Todavia, o legislador civil (e o legislador laboral, por subsidiariedade de aplicação do regime), sujeitou-a a determinadas condições.


O artigo 640.º do Código de Processo Civil, sob a epígrafe “Ónus a cargo do recorrente que impugne a decisão relativa à matéria de facto”, prescreve o seguinte:


1 - Quando seja impugnada a decisão sobre a matéria de facto, deve o recorrente obrigatoriamente especificar, sob pena de rejeição:

a. Os concretos pontos de facto que considera incorretamente julgados;

b. Os concretos meios probatórios, constantes do processo ou de registo ou gravação nele realizada, que impunham decisão sobre os pontos da matéria de facto impugnados diversa da recorrida;

c. A decisão que, no seu entender, deve ser proferida sobre as questões de facto impugnadas.


2- No caso previsto na alínea b) do número anterior, observa-se o seguinte:

a. Quando os meios probatórios invocados como fundamento do erro na apreciação das provas tenham sido gravados, incumbe ao recorrente, sob pena de imediata rejeição do recurso na respetiva parte, indicar com exatidão as passagens da gravação em que se funda o seu recurso, sem prejuízo de poder proceder à transcrição dos excertos que considere relevantes;

b. Independentemente dos poderes de investigação oficiosa do tribunal, incumbe ao recorrido designar os meios de prova que infirmem as conclusões do recorrente e, se os depoimentos tiverem sido gravados, indicar com exatidão as passagens da gravação em que se funda e proceder, querendo, à transcrição dos excertos que considere importantes.
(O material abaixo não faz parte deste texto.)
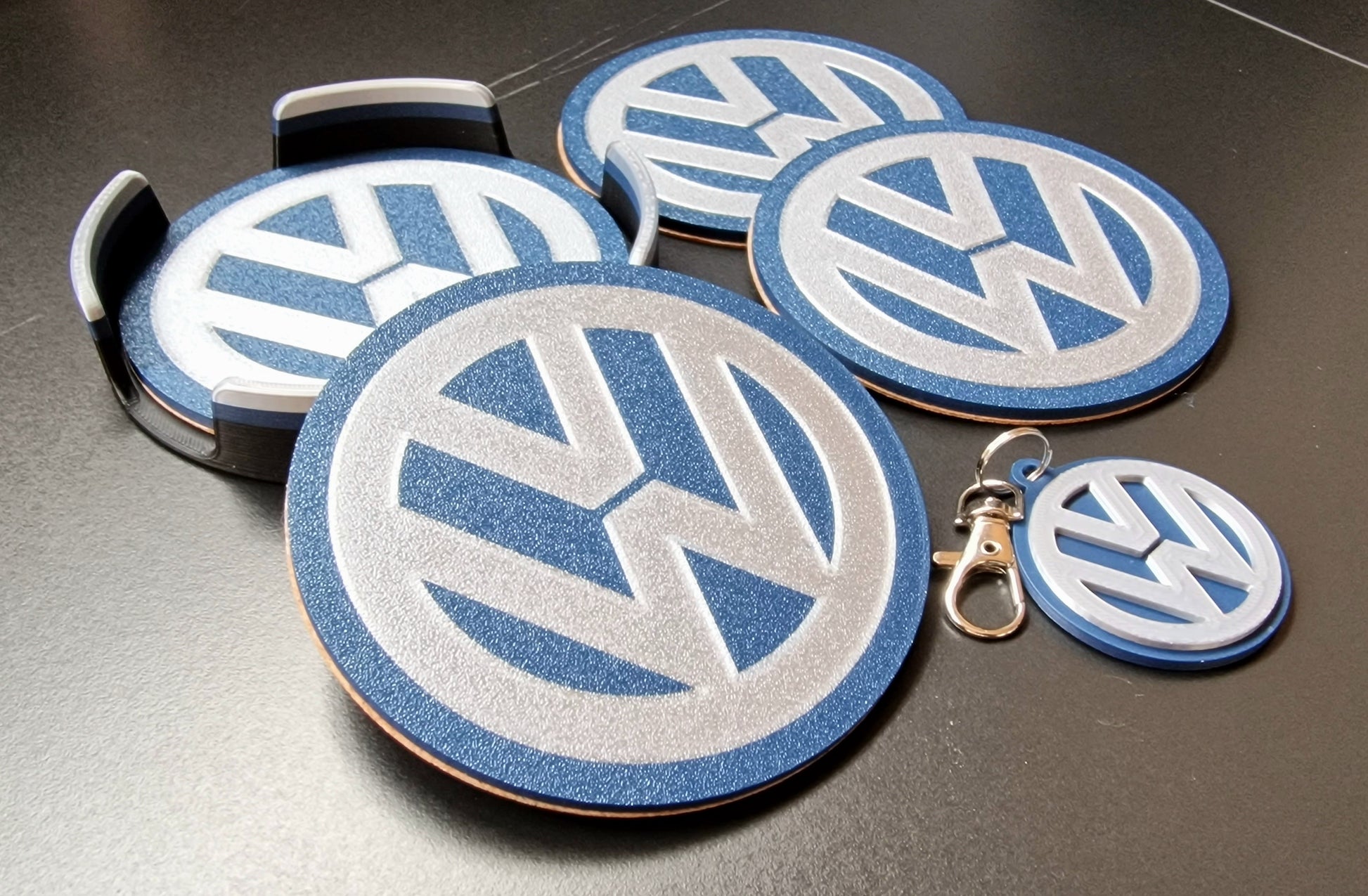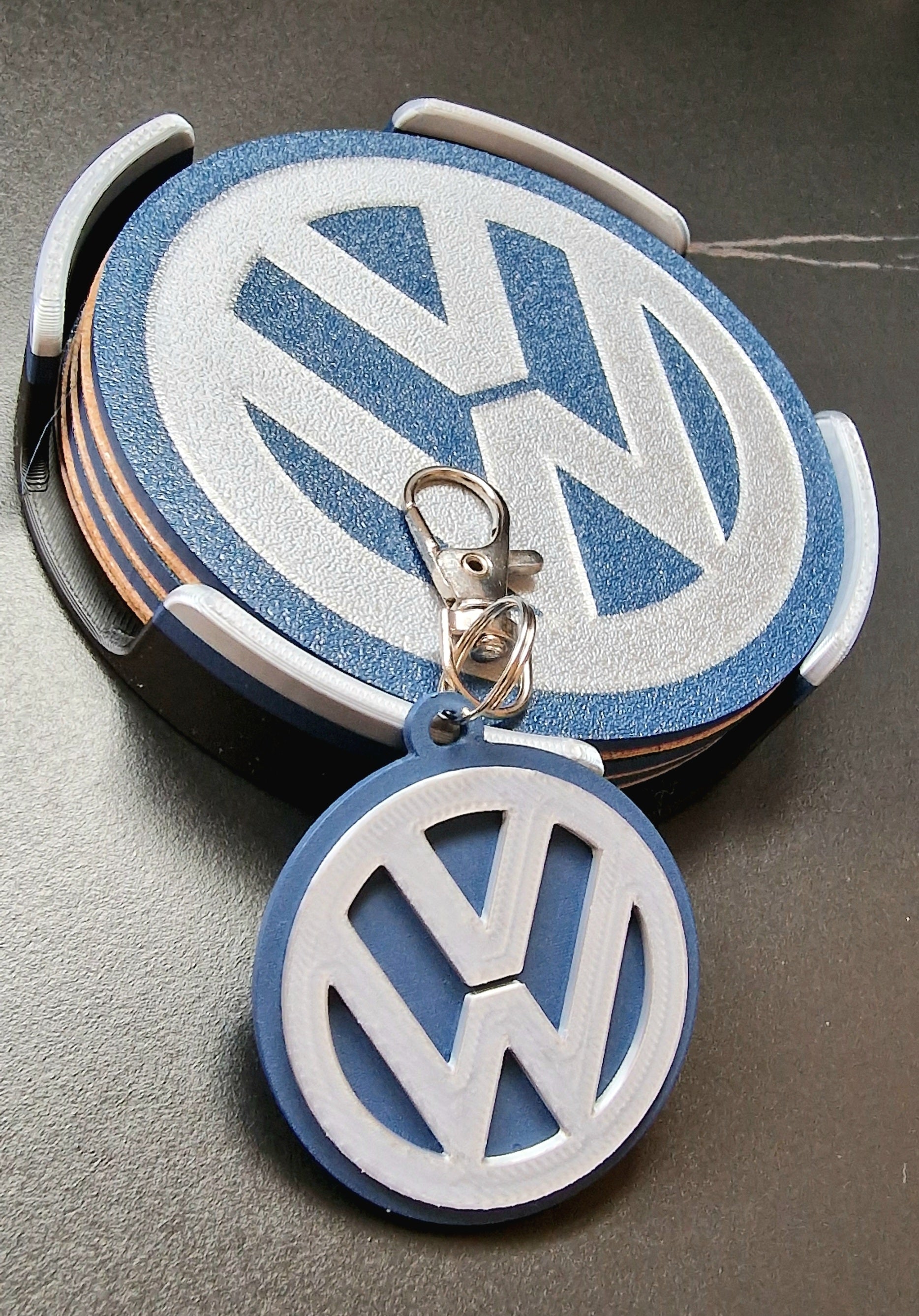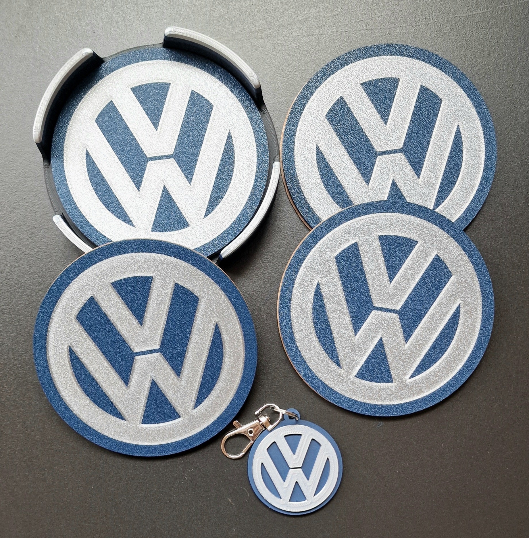 Volkswagen Coaster & Keyring Gift Set – Desk & Home Accessories (Blue & Silver)

3 - O disposto nos n.ºs 1 e 2 é aplicável ao caso de o recorrido pretender alargar o âmbito do recurso, nos termos do n.º 2 do artigo 636.º.


Sobre as exigências/condições impostas por esta norma, refere António Abrantes Geraldes, in Recursos no Novo Código de Processo Civil, Almedina, 2013, pág. 129: «Importa observar ainda que as referidas exigências devem ser apreciadas à luz de um critério de rigor. Trata-se, afinal, de uma decorrência do princípio da autorresponsabilidade das partes, impedindo que a impugnação da decisão da matéria de facto se transforme numa mera manifestação de inconsequente inconformismo.».


Quanto à consequência prevista para o desrespeito do ónus de impugnação, resulta do citado artigo que é a rejeição do recurso.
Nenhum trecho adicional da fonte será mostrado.